A Vulture sat with a bad taste in his mouth. He’d picked it up from a dead buffalo

down at the slaughterhouse. The thought must have troubled the buffalo for

quite a while for it to have permeated through to its liver. For it was the liver

that the Vulture had feasted on for Brunch. Buffalos are anyway given to long periods of contemplation. They’ll chance

upon a newly grown thought and then chew on it for an eternity. That’s why

they are considered the thinkers of the four-legged kingdom. And since the languages of flyers differ from that of non-fliers, the Vulture was

only able to make out that the thought was a bad one. And it was beginning

to give him a stomach ache. He sauntered over to his best friend who was

sitting on the top branch, eyeing the discarded eyes of a calf. “What do you do about a bad taste in your mouth?” asked the first Vulture to his

friend. “You neutralize it with a good one. Everybody knows that” replied his friend.

“Serves you right for eating liver anyway.” You should leave it for the thick-skinned

Pariah Kites. Us sensitive kinds must lay off the violent victuals. Didn’t your

parents teach you that?” “The guts of the cat The udders of the cow The spleen of the thing That goes ‘Bow Bow’ The gizzard of the lizard The camel’s hump The nuts of the squirrel These all shall you dump The buffalo’s liver Is a strict no no As are the heart of a man And a monkey’s toe.” Don’t you remember?” said his friend launching into the famous violent-victuals

lecture. “We have been eaters of dead animals for millions of years, unlike the Kites who

began just a few thousand years ago. We’ve developed very sensitive taste-buds.

That is why the elders have listed down the things we should eat and those we

shouldn’t. Junk thoughts can kill you. You must be more careful in future.” “But we used to eat every part of the animals earlier” said the Vulture “We never

cared about the carrion’s delicate parts.” “Those were better times” said his friend. “The animals mostly died of natural causes.

Not the violent deaths common today. It’s difficult to know how a body died nowadays.

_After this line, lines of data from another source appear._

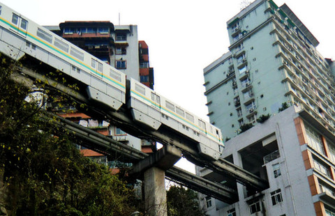 A light rail passes through a building in Chongqing. The complex landform of Chongqing brings this unique scene of Chongqing's light rail.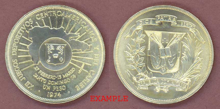 Item Number: Domr-23E Uncirculated - One Peso KM-35 .900 Silver. 12th Central American and Caribbean Games. Large silver dollar size. Mintage of 50,000$100.00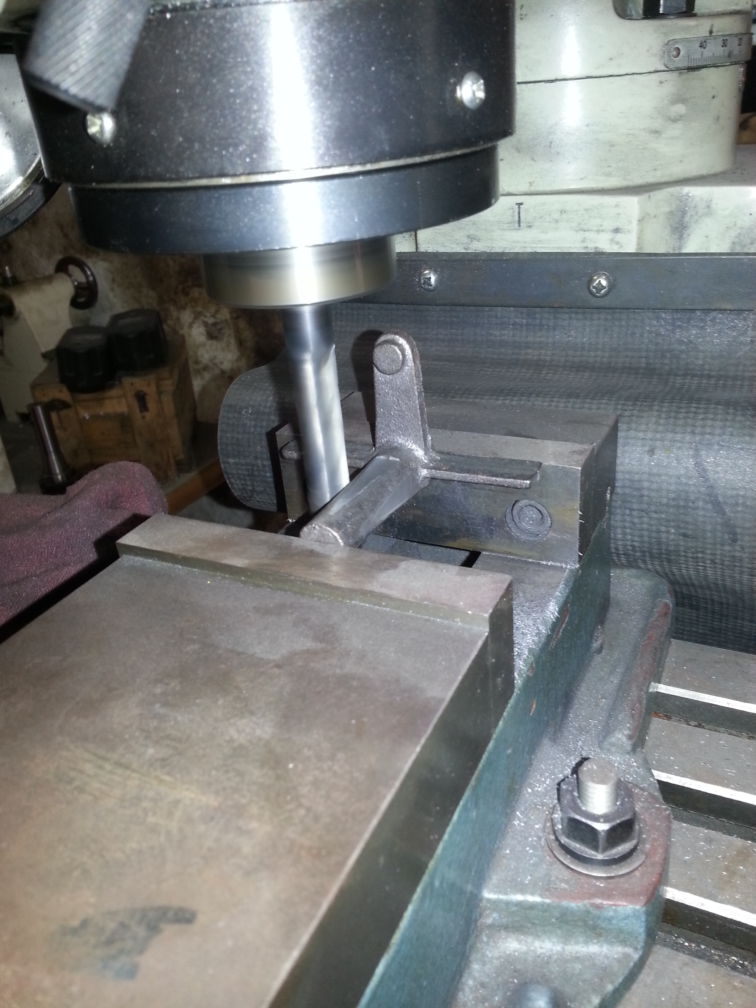 For the spark rocker I needed some place to start. I filed the casting numbers down until they were at the same plane as the outboard arms. Then I set it up in the mill eyeballing everything level. This give me a starting point. I milled 3 flats on the shaft for the lathe's 4 jaw chuck. I flipped it over and milled a fourth flat. Size doesn't mean anything it's just flat surfaces to hold. I set it up in the lathe and indicated to the round part. It's a casting so it's not going to be that critical it's a starting point. I then took a skim cut across the arms then faced the inside to length, then drilled and reamed it. Just for kicks I also turned the outside of the arms so they are centered and square. In the 3rd pic I set a parallel on the faced section to square it that way and eyeballed the arms level. This gave me the hold I needed to mill the pads for the 3/16 hole. I also took skim cuts at the ends of the arms to establish the same arms level later. I wasn't sure if I would need it but I'm VERY glad I did. The 4th and 5th pics are having the part clamped using those flats and the face cut I made on the arms when I had it in the lathe. Another example of taking an opportunity to make a location cut any time you can since you never know when you'll need it! The last pic is again using those flats cut earlier to rest it on parallels to cut the recess and drill the holes.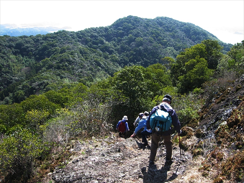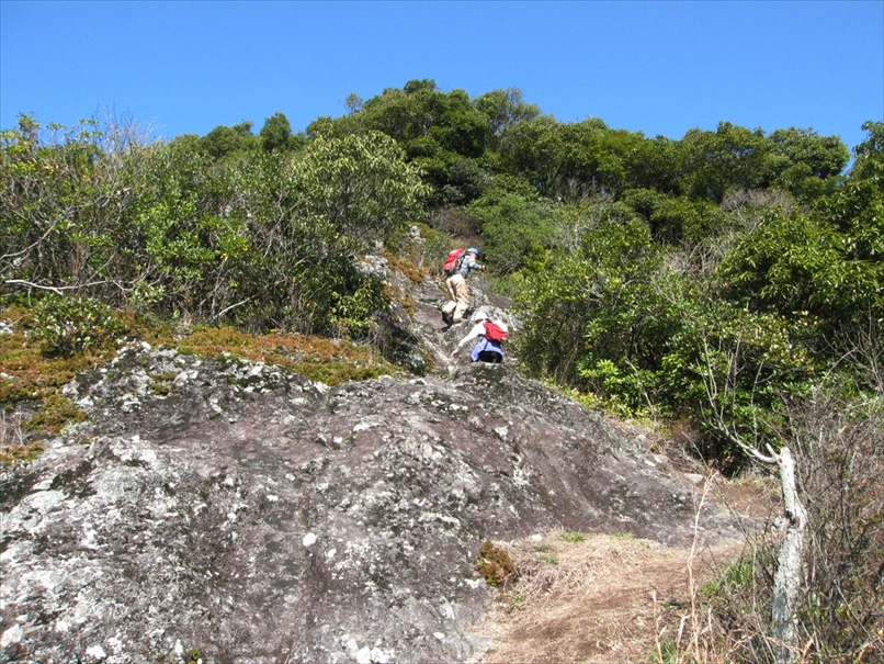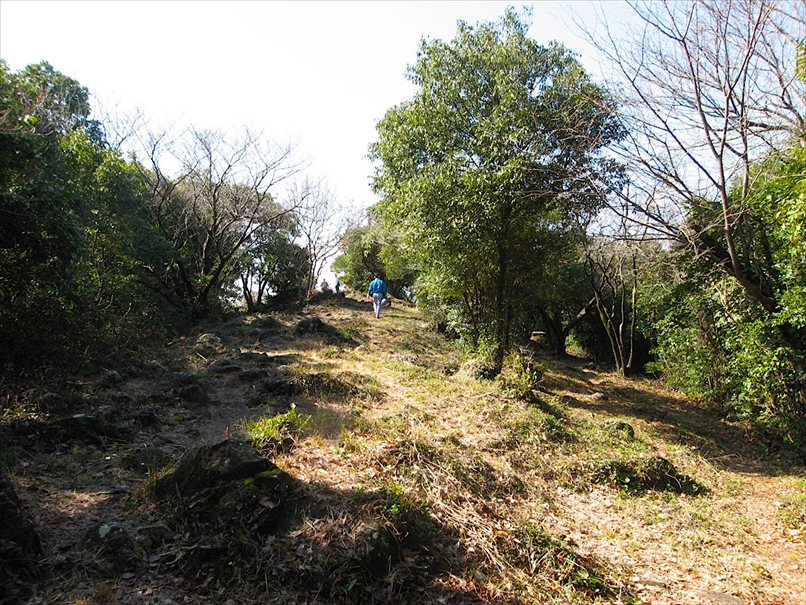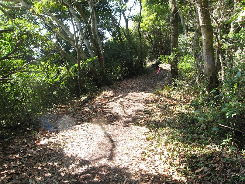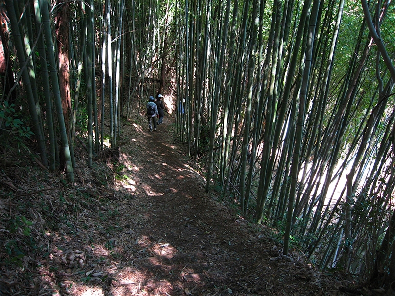 しばらく道路を歩いて山道に入ると、狭い登山道に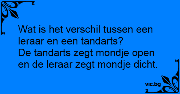 De tandarts zegt mondje open en de leraar zegt mondje dicht.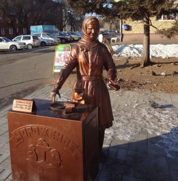 | В центре Благовещенска есть памятник, который установили в честь обычной продавщицы мороженого Зинаиды Синицыной. Памятник установили благодарные жители города, которые знали Зинаиду Дмитриевну под прозвищем Снегурочка. С 50-х годов и до самой смерти в 1988 году эта женщина продавала мороженое, причем встретить ее можно было даже в холодные зимние дни, непогоду и праздники. Женщина всегда сознательно относилась к своей работе, а потому местные жители собрали деньги, чтобы установить ей памятник, помогли в этом и власти. Зинаида Синицына за работой Памятник в ее честь За плечами Зинаиды Синицыной героическое прошлое. В годы Великой Отечественной войны вместе со своим мужем она воевала в партизанском отряде, но была схвачена карателями. Ее пытали, а потом убили ее трехлетнего сына Василия, однако женщина не предала своих боевых товарищей. Source |

And by the time you find out, it’s often too late. Look at ‘Suicide Sam’. He flies at those

iron birds every time they come screeching down. Just because he ate the heart of a

human who jumped off a cliff. These are dangerous times. And if we want carry on

eating carrion, we’ll have to learn to adapt.” “But I’ve been nibbling the so-called violent victuals every once in a while” Said the

Vulture. “It gives an interesting layer to lunch. I’d grown used to it. A dash of despair

and a glob of greed goes down very well with a meal sometimes. It’s just this

particular buffalo that seems to be troubling me. I can’t seem to put my beak on

the emotion.” “I’d stay away from them if I were you” said his friend before he launched his

large ungainly frame down towards the eyes he had been eyeing. But the Vulture could now feel the effects of the buffalo’s thoughts wearing off. And

there came upon his person, the urge to feel that exotic thought again. It had

begun with a tingling in his tongue and had run down his rather long neck until it

had covered his entire body. The texture of the thought had been close to that

of greed, without the taste of adipose. It also had the lingering flavour of longing

without the bitter-sweet undercurrent of love. Without a pause, he flew back to the slaughterhouse.